JS has a few footguns. Certainly not so many that it's difficult to keep in your head, and not nearly as complex as C++, which is a laughable statement.

You've "seen null make it to the database," but haven't seen the exact same thing in C++? Worse, seen a corrupted heap?

I haven't seen null make it to the database, I've seen undefined. And here you demonstrate one of many problems - there's multiple null types!

In C++, there's only one null, nullptr. But most types can never be null. This is actually one area where C++ was ahead of the competition. C# and Java are just now undoing their "everything is nullable" mistakes. JS has that same mistake, but twice.

It's not about complexity, although that matters too. C++ is certainly more complex, I agree, but that doesn't make it a more footgunny language. It's far too easy to make mistakes in JS and propagate them out. It's slightly harder to make mistakes in C++, if you can believe it. From my experience.

Yeah, I don't know how someone can say that with a straight face to other engineers.

It's like people just talk in memes or something.

This is how a lot of discourse feels these days. People living in very different realities.

Though in this case, seeing the most complex C++ app they've built would illuminate what's going on in theirs.

If you already know another backend language and framework, all you need to do is tell LLM or some code generator to convert your models between languages. There is very little overhead that way.
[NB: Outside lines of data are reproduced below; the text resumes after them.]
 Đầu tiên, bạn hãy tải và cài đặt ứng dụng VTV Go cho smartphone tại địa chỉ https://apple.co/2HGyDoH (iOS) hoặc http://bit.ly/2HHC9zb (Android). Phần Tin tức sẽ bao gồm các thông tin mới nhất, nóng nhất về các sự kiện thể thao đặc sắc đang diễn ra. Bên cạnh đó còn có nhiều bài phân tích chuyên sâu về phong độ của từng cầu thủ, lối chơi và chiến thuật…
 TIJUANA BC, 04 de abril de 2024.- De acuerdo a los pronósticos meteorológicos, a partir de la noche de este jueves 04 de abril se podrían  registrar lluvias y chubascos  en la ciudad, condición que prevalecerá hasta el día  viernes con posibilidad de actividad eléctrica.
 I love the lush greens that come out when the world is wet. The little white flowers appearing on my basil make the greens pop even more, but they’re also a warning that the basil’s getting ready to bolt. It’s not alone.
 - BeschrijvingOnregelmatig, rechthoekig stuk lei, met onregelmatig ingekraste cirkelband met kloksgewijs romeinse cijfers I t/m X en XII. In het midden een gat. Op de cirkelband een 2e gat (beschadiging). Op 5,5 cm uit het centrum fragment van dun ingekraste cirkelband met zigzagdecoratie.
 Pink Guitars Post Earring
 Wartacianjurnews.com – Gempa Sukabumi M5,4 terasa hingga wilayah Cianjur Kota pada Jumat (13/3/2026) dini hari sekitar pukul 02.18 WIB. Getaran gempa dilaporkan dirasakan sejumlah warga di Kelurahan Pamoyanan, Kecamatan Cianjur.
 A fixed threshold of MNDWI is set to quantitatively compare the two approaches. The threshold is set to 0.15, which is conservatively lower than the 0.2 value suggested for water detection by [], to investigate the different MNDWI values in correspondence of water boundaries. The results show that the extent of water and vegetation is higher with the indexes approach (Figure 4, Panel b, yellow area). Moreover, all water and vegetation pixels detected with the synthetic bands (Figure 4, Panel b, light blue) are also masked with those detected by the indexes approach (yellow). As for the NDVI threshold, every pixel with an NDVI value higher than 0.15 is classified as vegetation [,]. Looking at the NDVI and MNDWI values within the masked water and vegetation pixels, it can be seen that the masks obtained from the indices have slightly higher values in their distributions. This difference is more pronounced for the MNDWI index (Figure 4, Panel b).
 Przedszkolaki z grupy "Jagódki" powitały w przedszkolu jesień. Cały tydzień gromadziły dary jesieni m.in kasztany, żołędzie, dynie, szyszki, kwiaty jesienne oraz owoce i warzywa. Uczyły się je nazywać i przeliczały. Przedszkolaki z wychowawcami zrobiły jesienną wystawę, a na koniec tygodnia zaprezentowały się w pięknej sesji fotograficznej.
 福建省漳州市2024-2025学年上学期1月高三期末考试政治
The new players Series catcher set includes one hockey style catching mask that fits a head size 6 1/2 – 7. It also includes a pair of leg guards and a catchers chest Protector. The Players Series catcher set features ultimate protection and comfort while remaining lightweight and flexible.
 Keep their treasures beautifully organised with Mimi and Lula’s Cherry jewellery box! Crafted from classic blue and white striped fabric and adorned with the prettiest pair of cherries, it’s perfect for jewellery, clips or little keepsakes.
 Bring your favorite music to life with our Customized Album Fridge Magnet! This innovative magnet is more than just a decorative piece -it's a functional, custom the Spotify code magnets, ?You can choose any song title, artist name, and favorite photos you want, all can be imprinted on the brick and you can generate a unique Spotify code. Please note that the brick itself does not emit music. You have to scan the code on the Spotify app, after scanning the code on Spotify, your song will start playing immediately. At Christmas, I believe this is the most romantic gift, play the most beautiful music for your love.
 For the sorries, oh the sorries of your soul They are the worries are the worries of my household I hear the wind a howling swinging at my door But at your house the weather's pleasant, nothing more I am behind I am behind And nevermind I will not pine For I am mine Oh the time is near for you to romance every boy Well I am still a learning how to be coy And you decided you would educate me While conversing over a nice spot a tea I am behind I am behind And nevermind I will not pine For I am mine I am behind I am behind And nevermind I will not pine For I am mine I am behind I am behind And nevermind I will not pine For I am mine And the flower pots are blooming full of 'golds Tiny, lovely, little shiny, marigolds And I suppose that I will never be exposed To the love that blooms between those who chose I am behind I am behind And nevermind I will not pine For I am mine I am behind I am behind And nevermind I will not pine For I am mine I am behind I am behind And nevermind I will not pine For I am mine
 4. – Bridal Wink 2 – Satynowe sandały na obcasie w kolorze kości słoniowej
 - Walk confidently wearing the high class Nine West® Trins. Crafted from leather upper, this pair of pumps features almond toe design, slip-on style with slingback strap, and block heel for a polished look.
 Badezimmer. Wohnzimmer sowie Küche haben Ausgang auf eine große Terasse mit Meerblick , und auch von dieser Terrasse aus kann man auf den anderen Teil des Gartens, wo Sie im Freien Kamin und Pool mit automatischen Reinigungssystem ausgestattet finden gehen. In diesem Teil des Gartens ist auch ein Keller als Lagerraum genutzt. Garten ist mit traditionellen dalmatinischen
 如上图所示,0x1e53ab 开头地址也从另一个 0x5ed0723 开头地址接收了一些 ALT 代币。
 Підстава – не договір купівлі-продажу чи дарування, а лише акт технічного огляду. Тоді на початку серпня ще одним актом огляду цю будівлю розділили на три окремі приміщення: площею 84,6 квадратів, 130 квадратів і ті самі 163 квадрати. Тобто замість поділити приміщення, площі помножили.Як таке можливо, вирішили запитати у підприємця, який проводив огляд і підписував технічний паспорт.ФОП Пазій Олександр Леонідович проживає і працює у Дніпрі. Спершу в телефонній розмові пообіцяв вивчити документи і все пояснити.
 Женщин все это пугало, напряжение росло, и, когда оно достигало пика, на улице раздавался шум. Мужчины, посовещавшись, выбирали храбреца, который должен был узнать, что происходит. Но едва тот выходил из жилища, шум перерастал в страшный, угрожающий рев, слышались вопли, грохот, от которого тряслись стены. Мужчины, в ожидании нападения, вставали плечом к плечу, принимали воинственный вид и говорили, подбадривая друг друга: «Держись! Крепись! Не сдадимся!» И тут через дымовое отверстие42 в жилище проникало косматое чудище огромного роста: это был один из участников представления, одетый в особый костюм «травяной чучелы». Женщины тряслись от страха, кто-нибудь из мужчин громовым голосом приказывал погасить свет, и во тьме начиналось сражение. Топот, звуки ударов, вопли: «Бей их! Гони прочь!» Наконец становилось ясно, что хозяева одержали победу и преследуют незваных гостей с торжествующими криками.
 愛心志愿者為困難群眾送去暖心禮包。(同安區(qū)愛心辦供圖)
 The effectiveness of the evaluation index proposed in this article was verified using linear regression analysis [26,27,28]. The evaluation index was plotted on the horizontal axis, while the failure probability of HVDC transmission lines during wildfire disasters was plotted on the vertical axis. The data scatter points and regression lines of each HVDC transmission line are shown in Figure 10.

I greatly prefer Java with Spring Boot for larger backend projects.

What is 0.1 + 0.2 in JavaScript. I'll give you a hint, it's not 0.3. Is that fine?
That's not a JavaScript issue. It's the same for almost any language where you don't use some bignum type/library. This is something all developers should be extremely aware of.
https://en.m.wikipedia.org/wiki/IEEE_754

To answer your question directly - yes, it’s fine, it’s actually expected behavior.